Data for review:
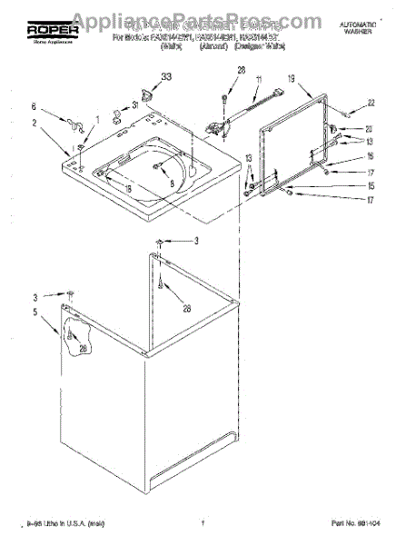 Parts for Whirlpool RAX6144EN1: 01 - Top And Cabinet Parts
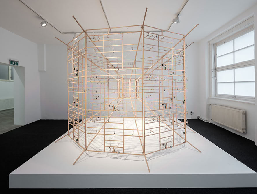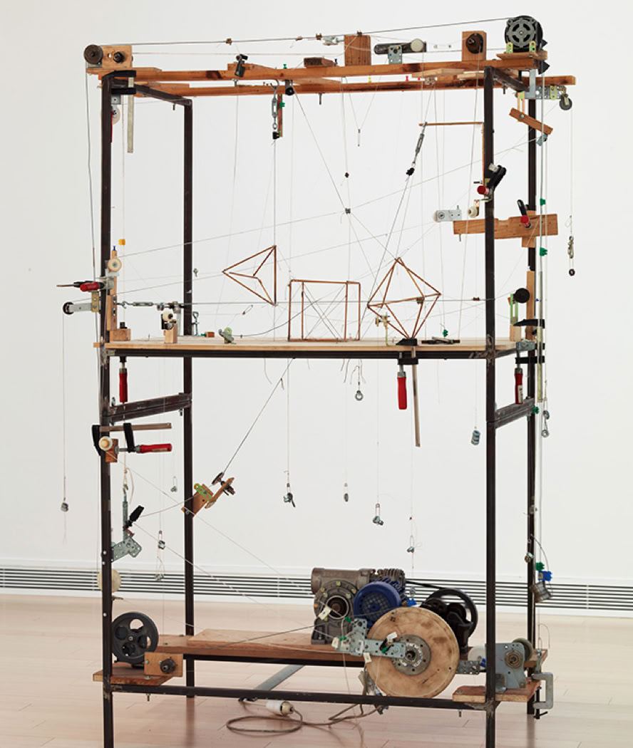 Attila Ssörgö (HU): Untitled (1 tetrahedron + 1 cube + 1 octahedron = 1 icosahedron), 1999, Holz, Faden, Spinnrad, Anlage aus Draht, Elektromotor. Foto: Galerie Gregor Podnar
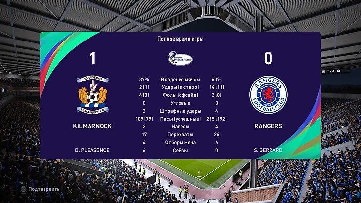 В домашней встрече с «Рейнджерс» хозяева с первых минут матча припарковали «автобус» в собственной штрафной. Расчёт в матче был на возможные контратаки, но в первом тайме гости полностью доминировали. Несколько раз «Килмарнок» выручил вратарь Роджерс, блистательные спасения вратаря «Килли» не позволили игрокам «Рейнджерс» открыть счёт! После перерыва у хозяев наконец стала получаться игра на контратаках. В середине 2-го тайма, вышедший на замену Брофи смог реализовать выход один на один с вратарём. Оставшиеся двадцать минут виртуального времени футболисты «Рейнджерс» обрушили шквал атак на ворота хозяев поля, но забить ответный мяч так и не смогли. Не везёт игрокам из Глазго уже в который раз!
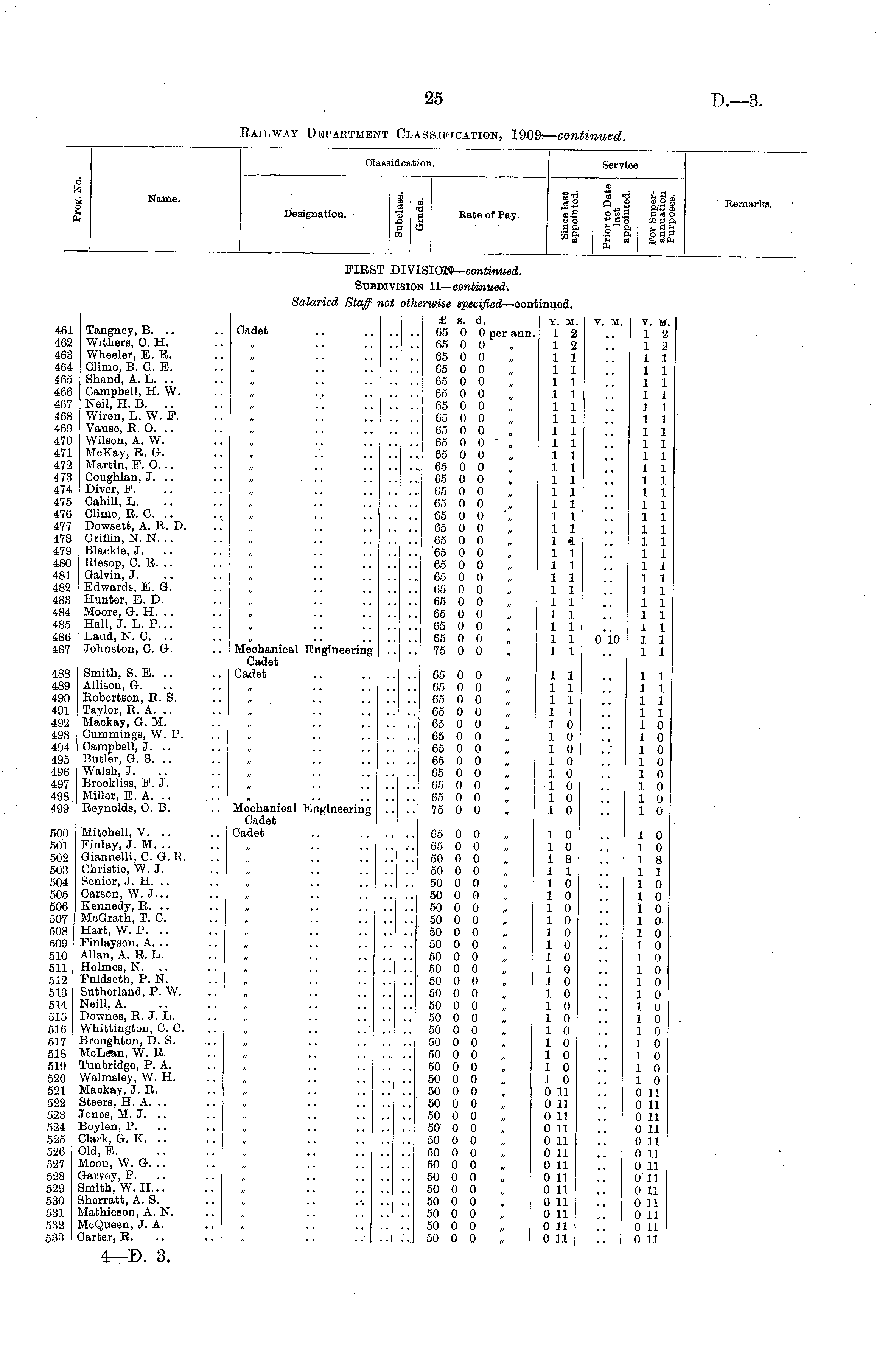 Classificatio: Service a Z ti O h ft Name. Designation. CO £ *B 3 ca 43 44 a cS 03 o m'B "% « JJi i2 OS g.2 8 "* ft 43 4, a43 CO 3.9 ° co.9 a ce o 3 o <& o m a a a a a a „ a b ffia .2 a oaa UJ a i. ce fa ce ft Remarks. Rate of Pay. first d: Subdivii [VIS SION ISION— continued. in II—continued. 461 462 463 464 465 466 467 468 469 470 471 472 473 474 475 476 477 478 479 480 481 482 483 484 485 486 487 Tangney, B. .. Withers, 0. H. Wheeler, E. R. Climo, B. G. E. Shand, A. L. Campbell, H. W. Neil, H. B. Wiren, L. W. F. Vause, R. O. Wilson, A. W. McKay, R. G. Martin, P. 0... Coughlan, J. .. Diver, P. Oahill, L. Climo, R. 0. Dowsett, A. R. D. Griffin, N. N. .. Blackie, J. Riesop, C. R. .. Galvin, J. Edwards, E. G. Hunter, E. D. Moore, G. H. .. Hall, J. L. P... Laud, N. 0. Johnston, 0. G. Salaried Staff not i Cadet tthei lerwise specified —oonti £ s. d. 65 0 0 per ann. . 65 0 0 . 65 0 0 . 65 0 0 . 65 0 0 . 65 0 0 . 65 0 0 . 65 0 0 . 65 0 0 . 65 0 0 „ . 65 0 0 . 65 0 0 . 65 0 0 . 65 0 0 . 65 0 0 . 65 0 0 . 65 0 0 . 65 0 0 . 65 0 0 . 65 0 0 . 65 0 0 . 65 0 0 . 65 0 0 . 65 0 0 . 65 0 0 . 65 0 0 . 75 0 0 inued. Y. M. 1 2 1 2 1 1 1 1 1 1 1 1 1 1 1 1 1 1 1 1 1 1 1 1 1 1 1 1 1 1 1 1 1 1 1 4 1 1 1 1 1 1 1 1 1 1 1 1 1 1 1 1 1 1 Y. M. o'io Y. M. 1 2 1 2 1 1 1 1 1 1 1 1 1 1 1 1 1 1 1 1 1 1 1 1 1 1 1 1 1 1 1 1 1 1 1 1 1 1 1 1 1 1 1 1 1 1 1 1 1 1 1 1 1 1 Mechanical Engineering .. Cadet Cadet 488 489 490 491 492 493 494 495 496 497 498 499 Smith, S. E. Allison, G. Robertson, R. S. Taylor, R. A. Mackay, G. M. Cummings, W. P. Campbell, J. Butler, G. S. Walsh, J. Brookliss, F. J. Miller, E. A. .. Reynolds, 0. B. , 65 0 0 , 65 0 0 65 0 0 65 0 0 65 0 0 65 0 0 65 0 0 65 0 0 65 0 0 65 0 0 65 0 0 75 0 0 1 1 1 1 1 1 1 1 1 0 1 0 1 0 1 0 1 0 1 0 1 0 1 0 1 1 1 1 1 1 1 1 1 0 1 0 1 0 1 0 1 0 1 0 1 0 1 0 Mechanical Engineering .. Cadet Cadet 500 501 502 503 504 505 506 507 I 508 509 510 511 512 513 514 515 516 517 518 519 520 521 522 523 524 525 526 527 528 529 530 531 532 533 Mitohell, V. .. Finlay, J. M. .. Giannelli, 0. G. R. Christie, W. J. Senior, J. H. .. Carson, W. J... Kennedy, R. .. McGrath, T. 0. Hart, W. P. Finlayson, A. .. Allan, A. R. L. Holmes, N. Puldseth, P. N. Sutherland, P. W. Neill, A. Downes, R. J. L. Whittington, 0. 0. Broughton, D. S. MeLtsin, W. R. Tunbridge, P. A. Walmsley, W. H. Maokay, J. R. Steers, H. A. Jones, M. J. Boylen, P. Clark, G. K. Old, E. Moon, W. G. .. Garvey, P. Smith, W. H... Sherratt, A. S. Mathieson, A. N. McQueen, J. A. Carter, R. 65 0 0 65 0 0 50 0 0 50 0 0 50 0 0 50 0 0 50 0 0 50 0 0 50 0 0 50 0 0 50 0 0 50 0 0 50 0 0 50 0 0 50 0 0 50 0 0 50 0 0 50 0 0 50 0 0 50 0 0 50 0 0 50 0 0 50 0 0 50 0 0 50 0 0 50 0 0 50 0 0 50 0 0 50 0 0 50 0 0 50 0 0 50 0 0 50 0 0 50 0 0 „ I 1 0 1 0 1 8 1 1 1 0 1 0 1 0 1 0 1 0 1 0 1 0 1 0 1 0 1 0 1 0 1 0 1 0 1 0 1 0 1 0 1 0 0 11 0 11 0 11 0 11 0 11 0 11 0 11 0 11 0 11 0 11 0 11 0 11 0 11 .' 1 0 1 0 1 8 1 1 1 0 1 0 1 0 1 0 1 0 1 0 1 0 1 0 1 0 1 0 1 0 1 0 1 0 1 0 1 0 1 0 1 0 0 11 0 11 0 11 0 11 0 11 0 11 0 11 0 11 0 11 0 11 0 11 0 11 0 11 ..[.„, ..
--
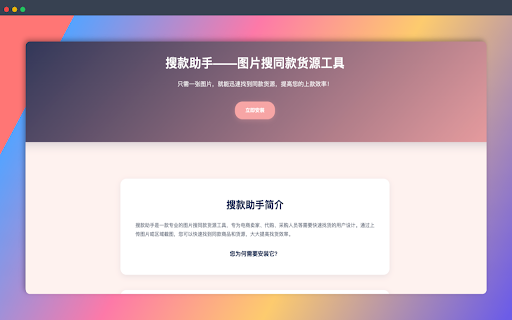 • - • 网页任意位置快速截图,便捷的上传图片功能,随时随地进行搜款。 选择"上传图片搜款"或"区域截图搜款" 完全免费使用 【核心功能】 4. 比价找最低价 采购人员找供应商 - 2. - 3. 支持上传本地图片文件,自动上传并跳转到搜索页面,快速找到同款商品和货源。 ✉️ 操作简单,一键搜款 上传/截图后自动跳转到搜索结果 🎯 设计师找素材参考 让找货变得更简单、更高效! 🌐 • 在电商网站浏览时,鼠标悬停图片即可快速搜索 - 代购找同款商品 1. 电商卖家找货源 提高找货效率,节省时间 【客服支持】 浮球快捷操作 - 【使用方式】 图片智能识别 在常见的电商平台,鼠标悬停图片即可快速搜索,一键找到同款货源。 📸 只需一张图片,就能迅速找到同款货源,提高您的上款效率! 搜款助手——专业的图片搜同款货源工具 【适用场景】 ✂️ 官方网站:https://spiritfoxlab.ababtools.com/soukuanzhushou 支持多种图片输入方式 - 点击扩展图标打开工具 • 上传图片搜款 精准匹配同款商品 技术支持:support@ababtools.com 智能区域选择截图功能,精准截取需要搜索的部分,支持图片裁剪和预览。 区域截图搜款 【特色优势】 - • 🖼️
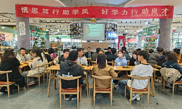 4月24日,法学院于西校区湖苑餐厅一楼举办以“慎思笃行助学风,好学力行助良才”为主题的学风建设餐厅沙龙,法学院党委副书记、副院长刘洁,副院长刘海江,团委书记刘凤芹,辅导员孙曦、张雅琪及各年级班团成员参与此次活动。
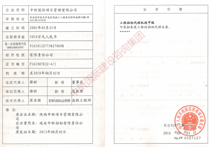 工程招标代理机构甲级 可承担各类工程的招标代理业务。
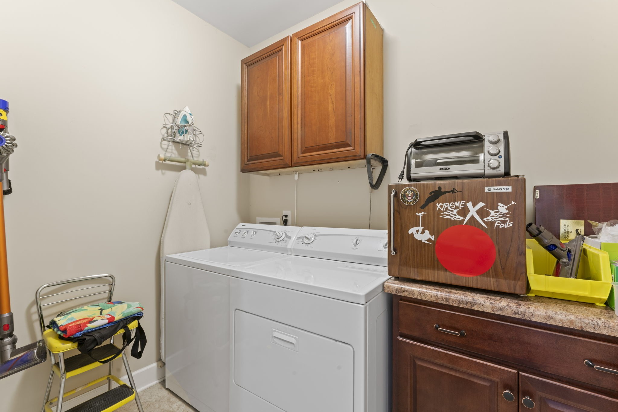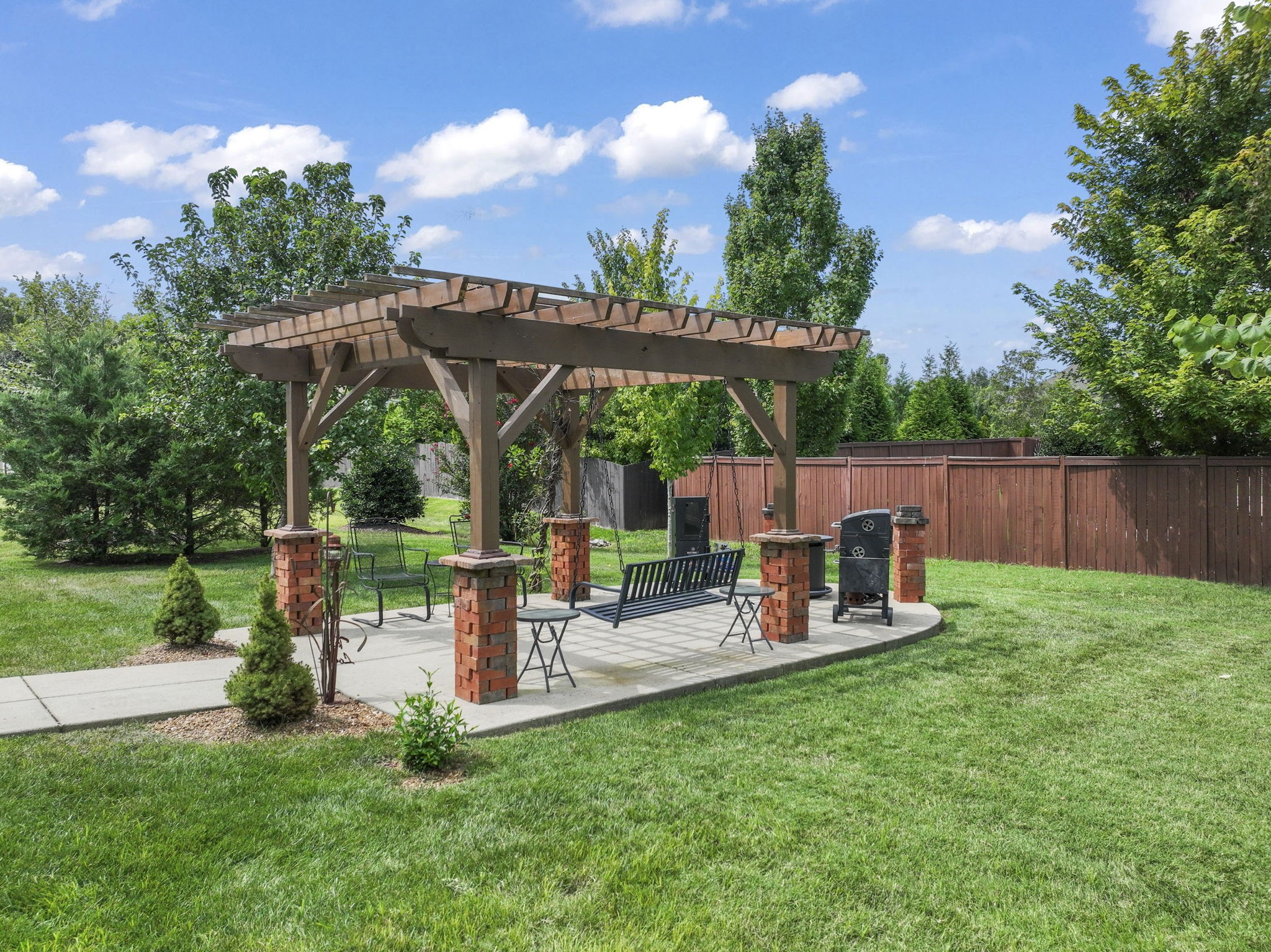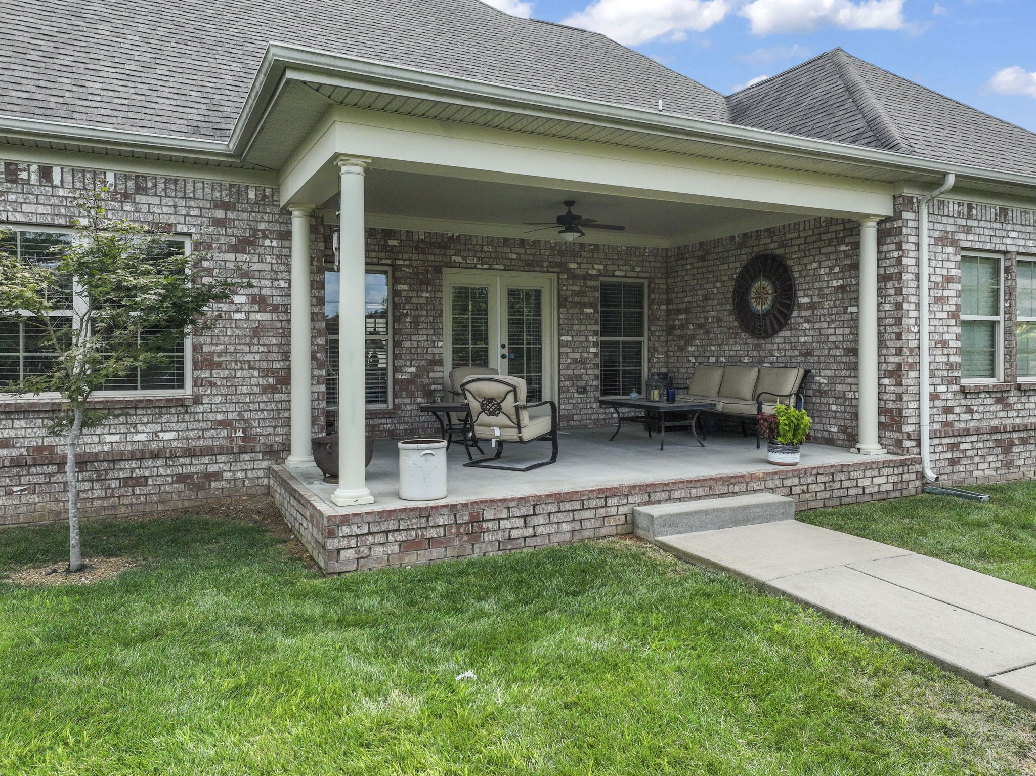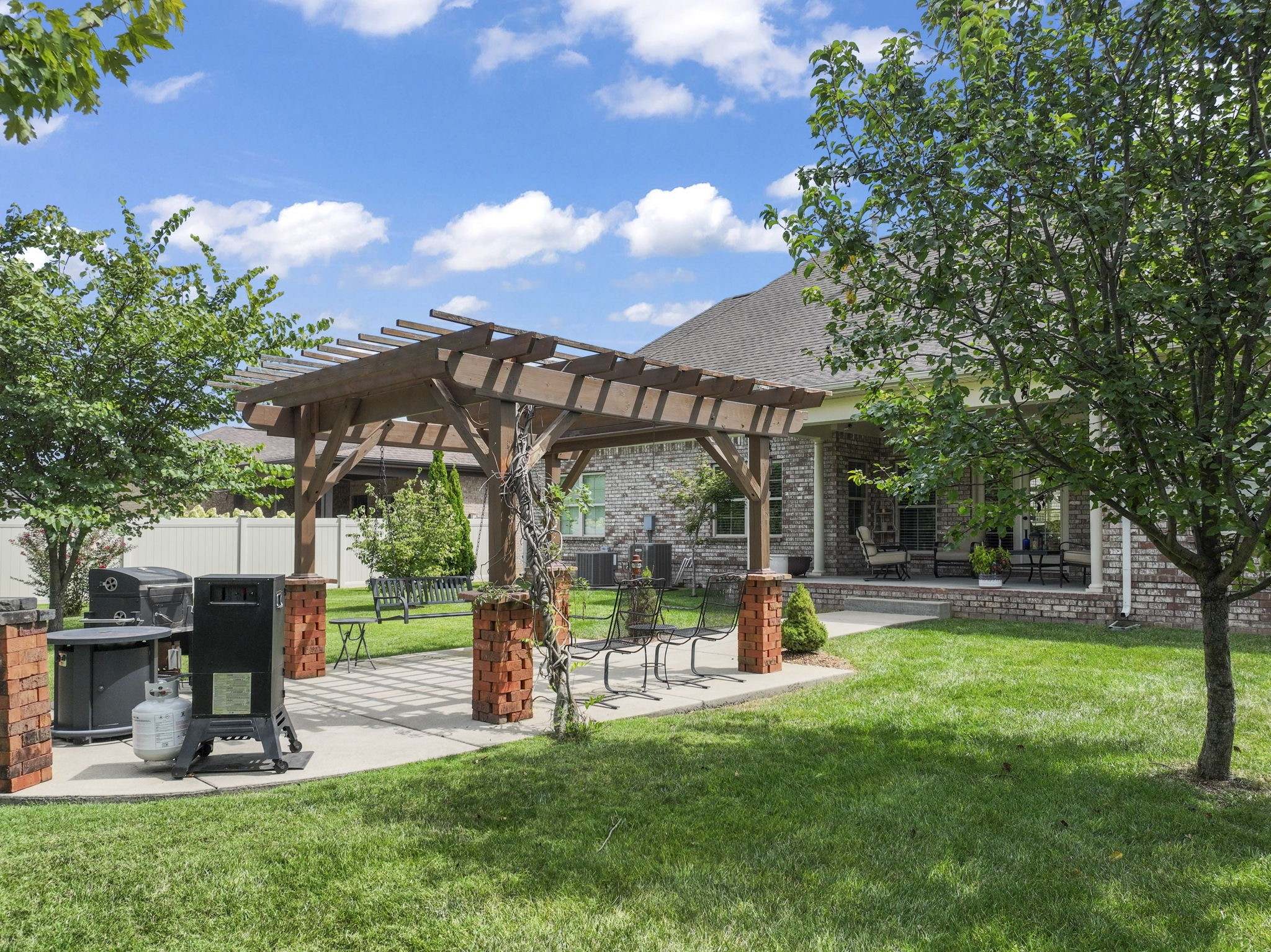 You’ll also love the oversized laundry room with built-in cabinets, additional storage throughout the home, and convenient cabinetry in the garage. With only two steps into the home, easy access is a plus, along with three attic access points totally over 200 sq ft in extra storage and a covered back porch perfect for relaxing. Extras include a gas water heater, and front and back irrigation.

Work item: With pictures excluded, reproduce exactly the lines above from the one containing "Parts for Whirlpool" down to the one containing "Attila Ssörgö (HU): Untitled", those two included.

Task output:
 Parts for Whirlpool RAX6144EN1: 01 - Top And Cabinet Parts
 Attila Ssörgö (HU): Untitled (1 tetrahedron + 1 cube + 1 octahedron = 1 icosahedron), 1999, Holz, Faden, Spinnrad, Anlage aus Draht, Elektromotor. Foto: Galerie Gregor Podnar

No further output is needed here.